→ **Task prompt**
Copy word for word the lines in the records below, starting at the line with "31日下午,ofo在官方微博" and ending at the line with "Sveter z jemného úpletu DAXO sýto ružový". Skip the pictures.

→ **Data for the task**

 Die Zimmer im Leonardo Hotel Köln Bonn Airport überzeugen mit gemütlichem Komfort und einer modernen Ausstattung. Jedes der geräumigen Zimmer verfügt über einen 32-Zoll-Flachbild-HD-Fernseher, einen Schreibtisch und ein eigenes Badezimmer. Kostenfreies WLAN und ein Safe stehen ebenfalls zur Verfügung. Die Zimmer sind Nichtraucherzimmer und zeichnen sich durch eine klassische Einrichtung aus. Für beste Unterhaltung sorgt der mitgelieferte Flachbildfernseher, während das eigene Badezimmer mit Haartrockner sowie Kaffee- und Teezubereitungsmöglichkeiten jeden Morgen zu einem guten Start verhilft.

---

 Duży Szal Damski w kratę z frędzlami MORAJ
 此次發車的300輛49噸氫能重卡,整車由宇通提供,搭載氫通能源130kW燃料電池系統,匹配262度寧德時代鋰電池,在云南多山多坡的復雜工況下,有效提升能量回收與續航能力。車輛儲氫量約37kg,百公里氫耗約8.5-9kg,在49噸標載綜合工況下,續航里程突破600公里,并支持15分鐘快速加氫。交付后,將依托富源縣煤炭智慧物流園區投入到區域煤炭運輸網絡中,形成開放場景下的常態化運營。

* * *

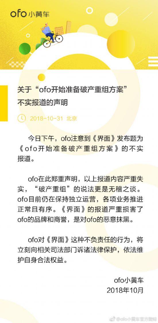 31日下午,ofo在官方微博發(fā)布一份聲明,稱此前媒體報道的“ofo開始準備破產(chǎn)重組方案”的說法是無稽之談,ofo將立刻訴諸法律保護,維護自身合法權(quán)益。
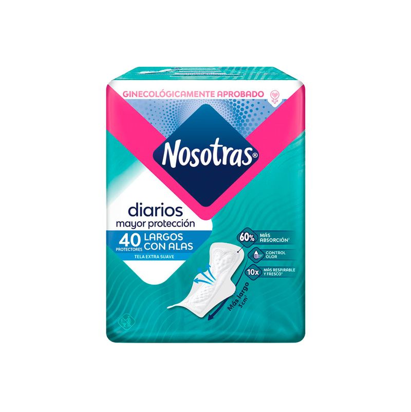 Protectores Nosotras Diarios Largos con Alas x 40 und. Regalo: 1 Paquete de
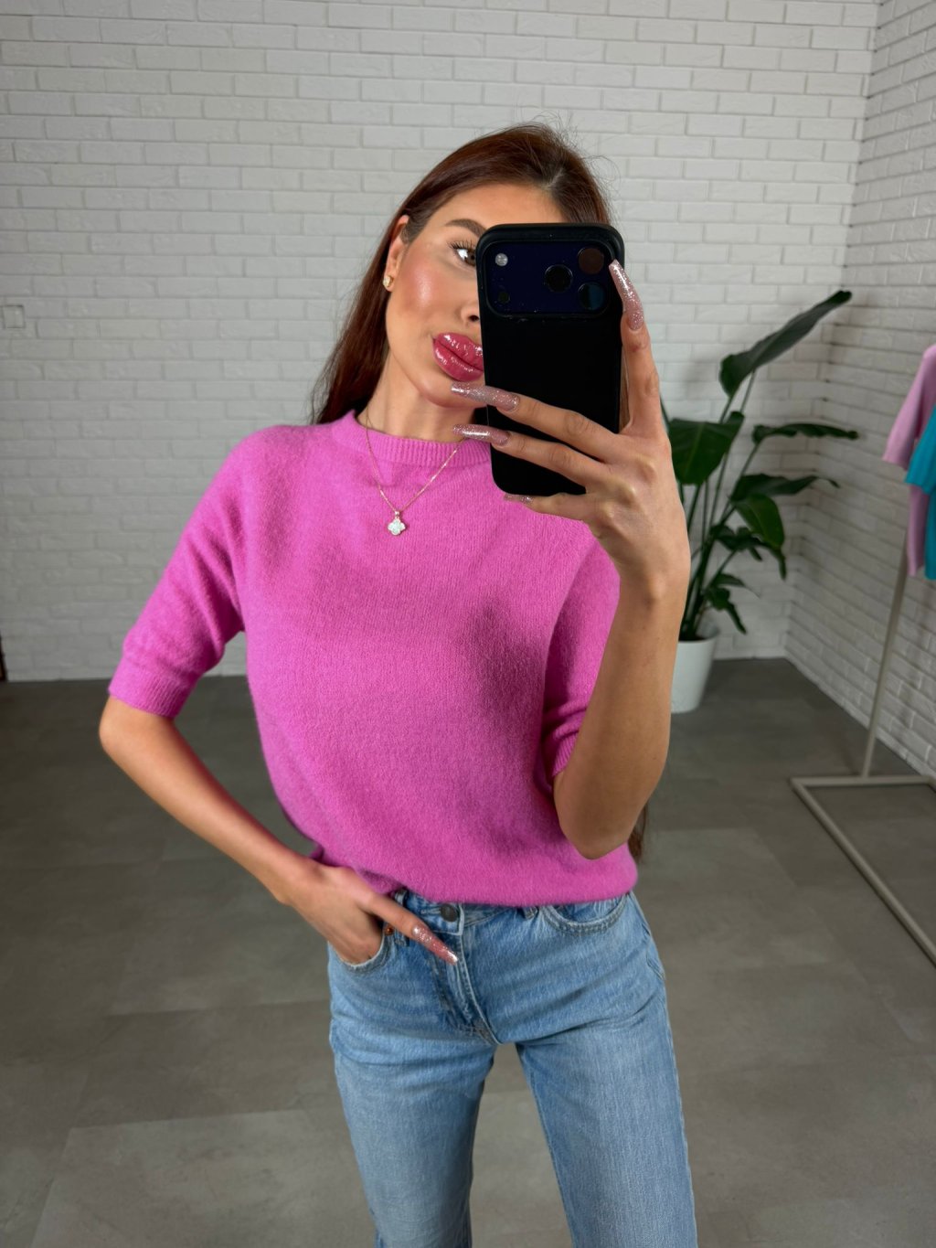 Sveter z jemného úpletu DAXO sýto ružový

→ **Response below**
 31日下午,ofo在官方微博發(fā)布一份聲明,稱此前媒體報道的“ofo開始準備破產(chǎn)重組方案”的說法是無稽之談,ofo將立刻訴諸法律保護,維護自身合法權(quán)益。
 Protectores Nosotras Diarios Largos con Alas x 40 und. Regalo: 1 Paquete de
 Sveter z jemného úpletu DAXO sýto ružový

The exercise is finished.